# Rabbit building a nest.



## Nicole S (Sep 22, 2018)

Hi all, wondering if anyone can help me? My female rabbit has randomly started digging like crazy the last week or so. And then today she has began building a nest in her bedroom. She’s had a litter 3 months ago but I’m not worried she could be pregnant again as the boys were castrated 4 months ago and are in a separate hutch. I’m in England and All I can think is that because the weather has been terrible is she feeling the cold? Does anyone else have bunnies that do this this time of year? She has a snuggle safe and blankets aswell and the hutch is covered in the rain and wind.


----------



## Preitler (Sep 22, 2018)

Could be just a false pregnancy, that is quite common with intact does, can happen several times per year. Hormones make them think they are pregnant, some go the full way, build nests like crazy and even pluck a lot of fur, completly normal. It should be over in a few days.
Nothing to do with weather, although imho they are more prone to it in spring when hormones rage.
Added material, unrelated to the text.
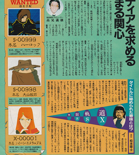 めて無限軌道と いう言葉が登場 するのは、第6話「登場!! 大宇宙要塞」だ。この中 でハーロックは「この座 標を中心に広がっている のが無限軌道だ。まだ、 果てを見きわめた者がい ないのでそう呼ばれている ・・・・・・」と言っている。つま 無限軌道とは宇宙空間での 宇宙船の航路”のことだ。 一方、松本零士氏は理想郷 との関連について、次のよう に語っている。 「無限軌道には二つの意味があ ります。一つは終りのない軌道、 終点のない道というかレールで すね。もう一つは無限大の時間と いう意味で、終りのないほど長い 旅ということなんです。どちらに しても理想郷を求めてハーロック たちが旅をするわけで、その旅が非 常に困難であると・・・・・・そんな意味を 無限軌道に持たせています」 ルミダス地球 連合政府防衛局 が指名手配で使用するコ ード記号で、Sは男、X は女を表す。つまりSS Xとは、ハーロック、ト チロー、エメラルダスを指 している。 「もともとは識別用の記号 です。ただSSには super secret (極秘)とか、space saucer (宇宙円盤)の意味も あります。Xは数式で使うX で、未確認を意味してます」 松本氏は、SSXのもう一 つの意味を語る。つまり理想郷 が最高の謎または秘密の存在で あるということだろうか。宇宙 円盤については、第6話で無限軌 道上にある円盤状の大宇宙要塞S SXが登場する。 このようにSSXにはいくつか の意味が含まれているが、いずれも 理想郷の秘密に関連していることだ けは確かだ。

Anyway, I too had a surprise litter this year and have no clue how she managed to get knocked up, so false pregnancy or not, I give them a lot of hay and a nestbox.

When did you remove the kits from the last litter? Small breeds can mature as early as 8-10 weeks, one of my 10lbs mutts managed to get pregnant by her brother at 14 weeks (separated at 12 weeks, but there was an unlatched hutch door at 14 weeks), so it is theoreticly possible that she is pregnant if you didn't seperate a month ago. Although that isn't very likely when your litter was just 8 weeks a month ago, would be a freak accident. 
False pregnancies on the other hand are a normal routine.

Doesn't hurt to prepare everything just in case.


----------



## Orrin (Sep 22, 2018)

I have a spayed female that recently started to behave strangely, making odd little squeaking noises as in this film clip: 



I separated her from what I thought was her bonded sister and she stopped crying; but, she immediately started building a nest as if possessed. She kept at it for several days and lined it with her own fur. Lately, she has settled down; but, from time to time she will go back to the nest. It seems to comfort her.


----------



## Nicole S (Sep 23, 2018)

Thanks guys! Was just so curious if it’s something other people have seen. I separated the babies at 10 weeks and they’re all at their homes now. I kept one but that one is a girl. 100% 
The pregnancy was a accident too the dad managed to get her pregnant on their way to the vet.


----------